From Edo Culture: Daily Life and Diversions in Urban Japan, 1600–1868, by Nishiyama Matsunosuke, trans. and ed. by Gerald Groemer (U. Hawai‘i Press, 1997), pp. 3-4:

In translating I have striven to remain faithful to the spirit rather than the letter of Nishiyama’s prose. Some therefore may wish to label this book an adaptation rather than a translation. Nishiyama writing style is stiff and often thrives more on a general tone of enthusiasm for the subject than on logical connections between sentences or paragraphs. Such a style, informed by the conviction that a good point bears repetition and that the relevance of an example need not be clarified until the very end of a section, entirely rules out literal translation. I have thus pruned judiciously, rewritten, rethought sentence and paragraph order, but refrained from adding anything substantially new to Nishiyama’s writing. The only exceptions to this rule are a few brief definitions of terms unlikely to be known to a nonspecialist Anglophone readership and, moreover, the endings of Chapters 7, 8, and 9. In the original, these chapters simply stop when Nishiyama has run out of things to say. Such a writing style, common enough in Japanese academic prose, often irritates Western readers, who tend to prefer more synthetic conclusions. In these chapters, therefore, I have added summaries of Nishiyama’s major points, thereby bringing the chapter to a smoother close while not adding anything new.

Since the studies translated here were not conceived by Nishiyama as forming one volume, much material is repeated. In some cases I have simply excised such duplication. The largest cut occurs in Chapter 6. Here I have eliminated or moved to other chapters most of the information that is presented in the first half of the original study, which repeats much of what has already been translated as Chapters 1 through 5. All major changes have been discussed with Professor Nishiyama, who himself occasionally suggested alterations and corrections.

Documentation in the original studies is often lacking and sometimes erroneous. In an effort to complete as many references as possible, I have started from scratch. Unless otherwise indicated, therefore, all notes are by the translator. Rechecking sources has allowed me to uncover several errors and misprints, which have been silently corrected after confirmation by the author.

The selection of illustrations and maps, the transcription of musical examples, and the production of the glossary are also my responsibility. Other editorial additions include dates and footnoted biographical information on individuals, details of geographical location of small towns and villages, variant names and performance dates of kabuki plays or musical works, and dates of publication of books. Names of individuals have presented a special problem, since Nishiyama endows the use of pseudonyms (geimei) with a special significance. Edo-period writers, actors, musicians, and artists often assumed a large variety of pseudonyms, forcing the translator to select one of several names for the sake of consistency. I have generally selected the name most likely to appear in biographical dictionaries.

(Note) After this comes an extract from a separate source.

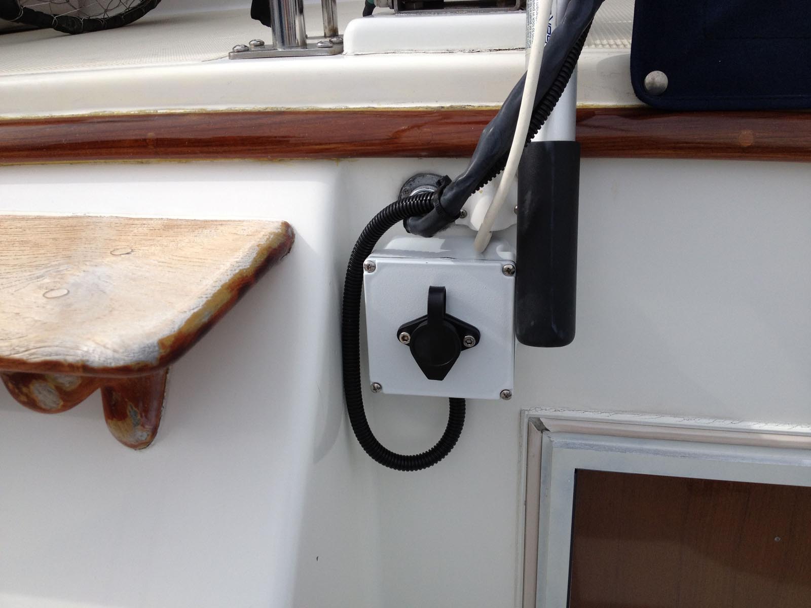 A close-up view of the plug-in for the Superwinch remote control, mounted in the junction box on the cabin, and with the wiring installed that connects it to the solenoid.

Translating the titles of books or kabuki plays presents yet other obstacles. Titles of novels, plays, or collections of poetry are often the source of cryptic puns—and in cases where a work no longer exists, the exact reading and meaning of the title are anybody’s guess. For extant books I have usually followed the reading of titles found in the Kokusho sōmokuroku. Kabuki titles are given in the version most likely to appear in kabuki dictionaries; alternative titles are given in the notes. A rough translation of a title’s most obvious meaning follows the original in parentheses; when such a translation appears in italics, this indicates that the book has been published under this title in English. The reader should note that the names of Buddhist temples end with the syllables ji, in, tera, or dera; Shinto shrines often end with sha, gu, or miya.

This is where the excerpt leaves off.